Board adopts 2021-22 County budget with eye toward economic recovery

The Board of Supervisors adopted the 2021-22 County budget on Tuesday, which invests in San Bernardino County’s communities, residents and businesses to help them recover from the economic impacts of the COVID-19 pandemic.

This year, the $7.6 billion budget recognizes the relative stability of County revenues and plans to keep significant resources available to address any possible future economic challenges.  The Board has maintained its long-standing fiscally prudent approach by setting aside an additional $41 million towards its General Purpose Reserve and is projecting to end 2021-22 with a $19 million General Fund operating surplus.

“We are being fiscally responsible with your tax dollars and we are listening to your priorities,” said Board of Supervisors Chairman Curt Hagman. “We are putting resources in the right direction and this budget gives us the opportunity to move this county forward.”

While not included in the initial recommended budget, the Board also took action today to adopt a plan for the use of $423.5 million of federal funding from the American Rescue Plan Act of 2021 (ARPA).  This significant resource will help the County continue to respond to the pandemic, help with economic recovery and infrastructure and improve government operations.

“The 2021-22 Recommended Budget represents a significant step toward recovery from the pandemic,” Chief Executive Officer Leonard X. Hernandez wrote in a letter to the Board. “Through the investment of available financing sources, this budget will both strengthen the County’s fiscal stability while expanding and enhancing the County’s ability to provide high-quality services to our residents and investors.”

To address community concerns, the Board allocated $10.4 million over the next several years to help combat illegal marijuana cultivation, short-term rental oversight, illegal dumping and graffiti abatement, snow play nuisance abatement, illegal vending in problem areas and illegal trucking activities.

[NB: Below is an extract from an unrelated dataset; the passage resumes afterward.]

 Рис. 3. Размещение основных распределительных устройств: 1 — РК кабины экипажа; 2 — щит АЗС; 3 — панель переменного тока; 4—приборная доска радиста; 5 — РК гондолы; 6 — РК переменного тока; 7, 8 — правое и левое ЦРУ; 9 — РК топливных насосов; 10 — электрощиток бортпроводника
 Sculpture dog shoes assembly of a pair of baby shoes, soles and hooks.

“This budget reflects your commitment to public safety in the county,” said San Bernardino County Sheriff John McMahon, citing the issue of illegal marijuana cultivation in the county.

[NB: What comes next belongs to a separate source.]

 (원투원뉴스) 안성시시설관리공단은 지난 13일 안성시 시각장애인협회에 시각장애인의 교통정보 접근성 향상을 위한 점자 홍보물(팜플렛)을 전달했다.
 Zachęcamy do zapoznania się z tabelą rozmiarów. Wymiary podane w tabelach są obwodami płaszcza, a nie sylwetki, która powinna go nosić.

The post-pandemic desire for outdoor activities prompted an additional $5 million investment in the County’s Regional Parks with capital improvements planned at Glen Helen, Yucaipa, Prado, Guasti, and Mojave Narrows regional parks.

Fighting homelessness remains a priority in the County budget. There is a renewed focus and staffing added to the Homeless Strategic Plan, which aligns the county’s homeless population with health and housing services provided by the County and its partners.

In addition, technological upgrades are due for County systems and online services that help residents and businesses receive a necessary and evolving level of service that is timely and convenient and helps the County generate revenue to continue serving the public’s needs.